ChatGPT was the first AI chatbot many people interacted with directly, becoming synonymous with AI itself and dominating the market with around 800 million weekly active users, accounting for nearly half of all AI chatbot usage worldwide. However, in a recent human-centered evaluation called the Humaine study by British company Prolific, ChatGPT ranked only eighth, beaten by Google’s Gemini models, DeepSeek, xAI’s Grok, and the French AI bot from Mistral AI. Prolific argues that traditional benchmarks focus too much on technical performance and fail to measure what users truly value in chatbot interactions.

The Humaine benchmark evaluates several key human-centric factors: understanding user input, maintaining conversational context, clear and engaging communication style, and trustworthiness including ethics and safety considerations. The study uses a robust participant pool who engaged in multi-turn conversations with anonymized chatbots, assessing them in head-to-head comparisons. Participants’ feedback formed the leaderboard scores, emphasizing real-world user experience over narrow technical tests.

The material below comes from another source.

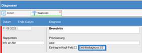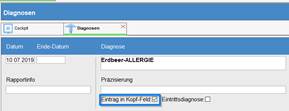 Eintrag in Kopf-Feld / Eintrittsdiagnose

Despite ChatGPT’s market dominance, its eighth-place finish highlights the difference between popularity and perceived user satisfaction on certain qualitative metrics. Google’s Gemini 2.5 Pro topped the Humaine leaderboard, earning high marks across the board and reinforcing its position as a leading AI model. DeepSeek, a Chinese-developed chatbot, secured second place, demonstrating strong performance especially in communication style, while Mistral AI’s French chatbot claimed third, noted for its adaptiveness and engaging conversation flow. xAI’s Grok, despite earlier controversies, ranked fourth and fifth and showed progress in trust and ethics, benefiting from updates that reduced problematic responses.

Other notable AI models fared less well; Anthropic’s Claude, often praised in other assessments, placed 11th, while Meta’s LLaMA models ranked in the lower half despite high expectations. Lesser-known bots from Chinese and Canadian startups scored lower as well. The study is ongoing and continues to evolve as it incorporates more participant data and newer AI models. It brings a unique emphasis on the human-facing qualities of AI interactions—how well chatbots connect with and support users—in contrast to purely technical or skill-based evaluations. OpenAI did receive recognition for ChatGPT in one of Humaine’s award categories, highlighting its proactive initiative in conversations, even if it did not top overall rankings. This reflects the complexity of assessing AI, where multiple dimensions of user experience matter beyond raw capability or popularity.